The previously lacklustre counter-insurgency against Boko Haram has been given renewed vigour with the deployment of troops from Cameroon, Chad and Niger last month.
Troops record victories
The armies have claimed series of successes in rebel-held territories in recent weeks, as part of an operation to clear and control the northeastern states in time for the general elections set for March 28 and April 11.
Much of the focus has been on Chad’s army, which has experience in tackling Al-Qaeda-linked extremists in Mali alongside French forces.
But the Director of Defence Information, Major General Chris Olukolade, said the Nigerien and Chadian attacks were “complementary to the ongoing push against the terrorists.
“The mission of routing the terrorists from Nigeria’s territory is being conducted from various fronts in and out of Nigeria and is achieving expected results so far,” he said in a text message.
On Friday, the African Union endorsed the creation of a regional force of up to 10,000 men to join the fight against Boko Haram.
The force, the idea which was adopted at an AU summit in January, will be based in Chad’s capital N’Djamena, the pan-African bloc’s Peace and Security Council said.
It will be mandated “to prevent the spread of Boko Haram activities and other terrorist groups” and “eradicate their presence,” the body agreed in a meeting earlier week.
Diplomats said Nigeria, Chad, Cameroon, Niger and Benin had committed to providing troops, who would “operate freely” in a still-undefined region.
Nigerian troops recapture Buni Yadi
On the recapture of Buni Yadi and Buni Yari, the Acting Director of Army Public Relations, Col Sani Usman, in a statement, said during the operations, the troops encountered little resistance as the insurgents were on the run. “Cordon and search and mopping up operations are ongoing in these areas. Operations by troops are also continuing to recover the few areas remaining in the hands of terrorists,” the statement said.
It will be recalled that Boko Haram terrorists on February 25, 2014 killed 59 students in an attack on the Federal Government college Buni Yadi, in Yobe State, near the state’s capital city of Damaturu. According to the state Police Commissioner Sanusi Rufai, “some of the students’ bodies were burned to ashes.”
Rufai said all those killed were boys. He said the school’s 24 buildings, including staff quarters, were completely burned to the ground.
President Goodluck Jonathan called the attack “callous and senseless murder…by deranged terrorists and fanatics who have clearly lost all human morality and descended to bestiality”.

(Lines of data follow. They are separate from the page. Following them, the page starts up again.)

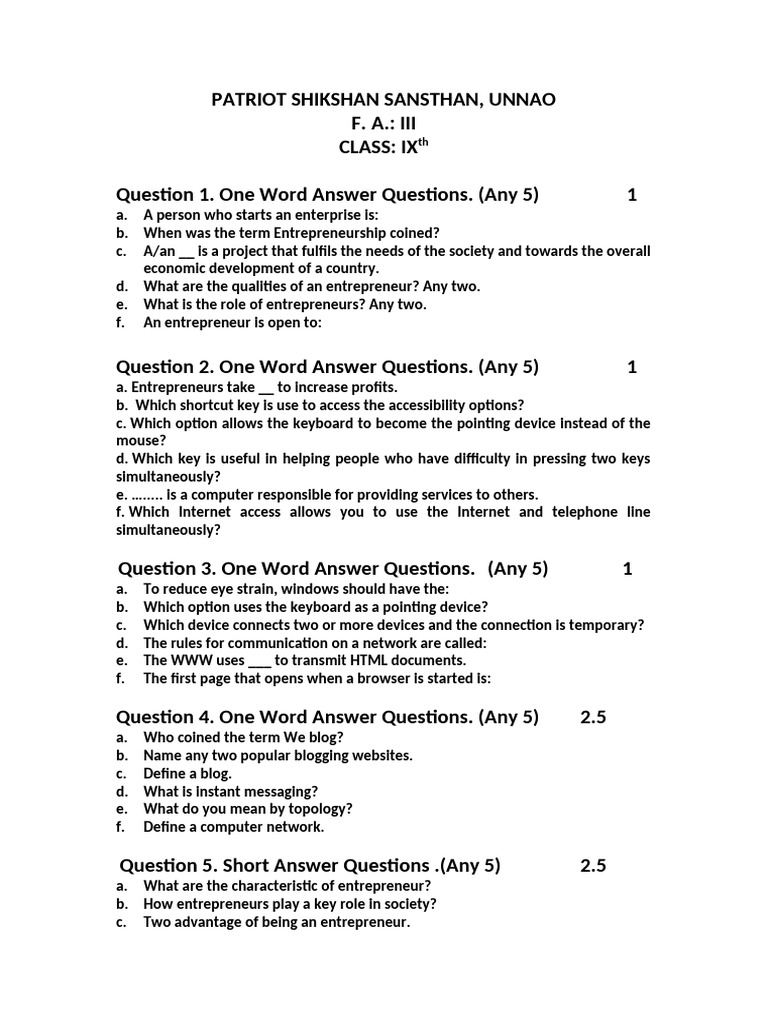 Question 5. Short Answer Questions .(Any 5) 2.5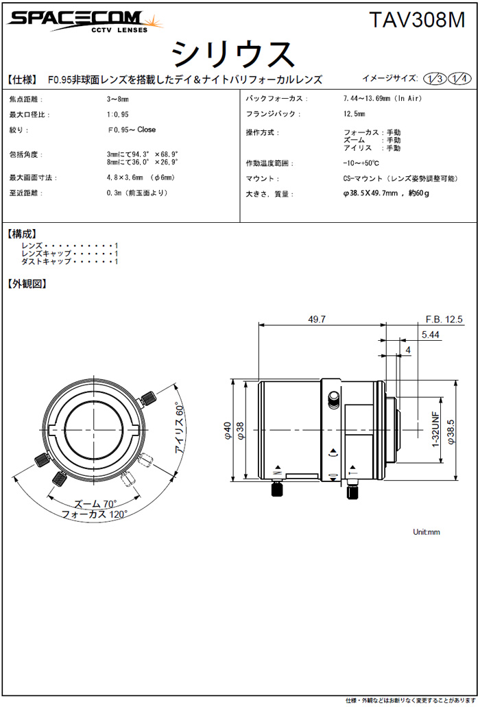 [SPACECOM]Day and Night»ç¾ç TV308M 3-8mm Manual IRIS 1/3ÀÎÄ¡(°ßÀû¿äû)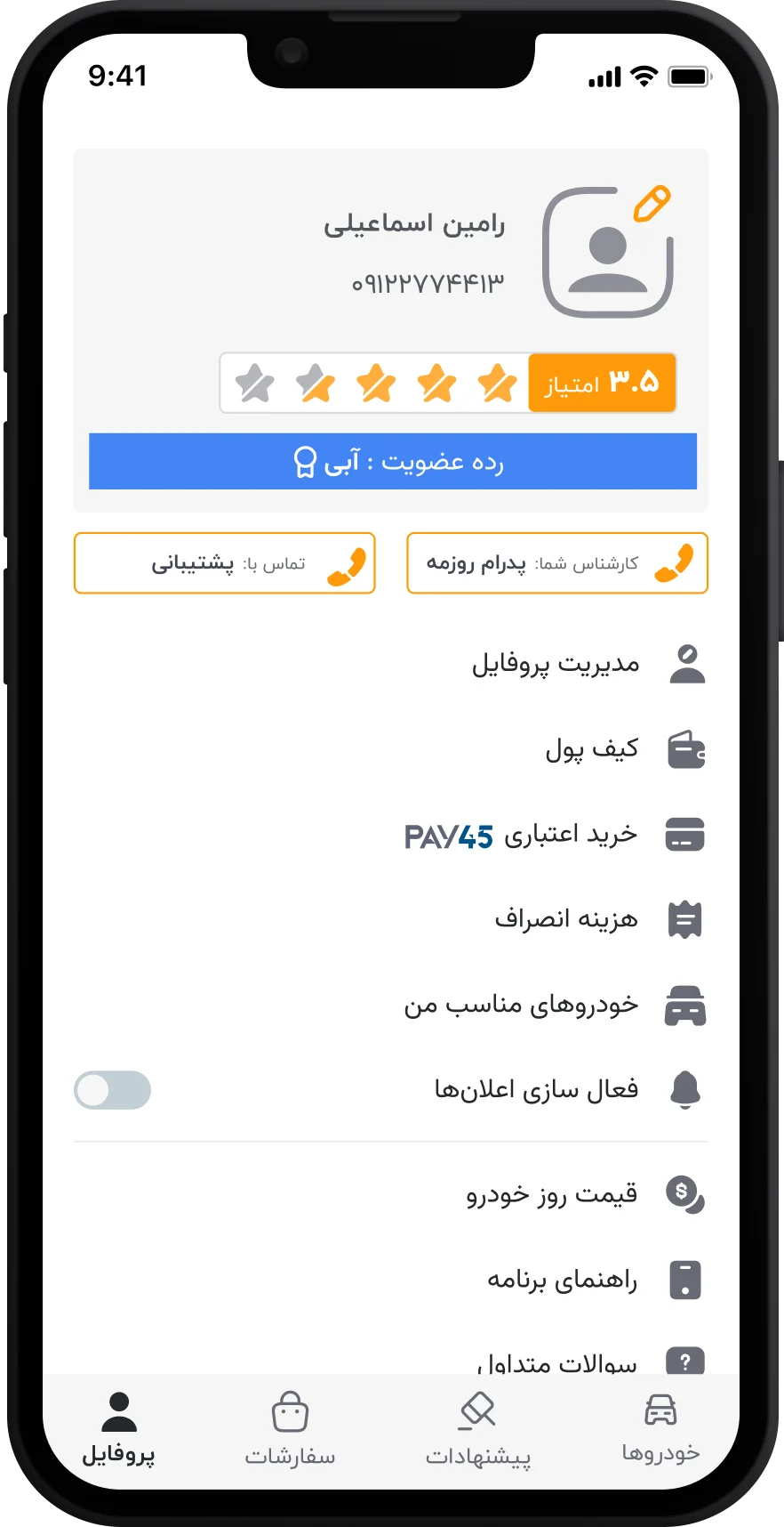 بعد از ایجاد درخواست در قسمت ثبتنام شرکای تجاری و احراز هویت توسط کارشناسان خودرو۴۵، اپلیکیشن اختصاصی در اختیار شما قرار خواهد گرفت.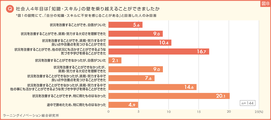 最後に、社会人4年目が『知識・スキルへの不安』の壁を乗り越えることができたかに関しては、「状況を改善することができず、特に得たものはなかった」の回答が20.1%と最大の割合に。次に、「状況を改善することができ、他の状況にも活かすことができるような気づきや学びを得ることができた」が16.7%、3位に「状況を改善することができなかったが、挑戦・努力する中で他の事にも活かすことができるような気づきや学びを得ることができた」が14.6%となりました。(図8)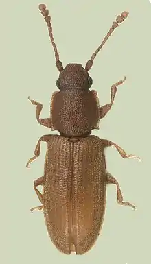 Silvanids generally are small, brownish, flattened, pubescent and densely punctured beetles ranging from 1.2-15mm in length, and mostly with a 5-5-5 tarsal formula. They have short, strongly clubbed, to very elongate antennae, and frequently grooves or carinae on the head and/or pronotum. Many genera have the lateral margins of the pronotum dentate or denticulate. The family is divided unequally into two subfamilies: Brontinae and Silvaninae. The Brontinae, arranged in two tribes (Brontini and Telephanini) of 10 genera each, are larger, loosely jointed beetles with long antennae, an especially elongate scape, inverted male genitalia, and mandibular mycangia.[4] Both brontine tribes have recently been reviewed at the genus level.[5][6] The Silvaninae, which has not been divided into tribes, consists of 48 genera of mostly smaller beetles characterized by their closed procoxal cavities, mostly without mandibular mycangia, and non-inverted male genitalia.[2]

Meanwhile, the Nigerian military has raised concern over careless talks and undue exuberance by some individuals from the military of neighbouring countries involved in the Multinational Joint Task Force (MJNTF), which it argued have the implication of destabilising the spirit of the joint efforts against terrorism within the sub-region.
Reacting to a purported statement in some media by officials from the MJTF that troops from Niger and Chad made deep incursions into Nigerian territory to battle Boko Haram elements, Director Defence Information, Major General Chris Olukolade, advised that it is necessary for officers from participating countries to beware of the terms they use while speaking with the press and also understand the implications of those terms.
According to him: “The location in question has to be mentioned before one can confirm whether it is part of an assigned or authorised mission or an incursion as described. This campaign against terror only makes provision for collaboration and cooperation; not incursion into territories. I think there is a careless use of terms by some inexperienced people or officials eager to make impression without understanding the implications. There’s no allowance for incursion here.
“The truth is that there were some preemptive manoeuvres along an axis in the theatre. Nigerian forces were also involved. It is unfortunate if that is what this young man is reporting in this false and divisive way. He may have to be called to order to stop this exuberant attitude of misinforming people as this is not good for our collective efforts. We will take this up where it matters.”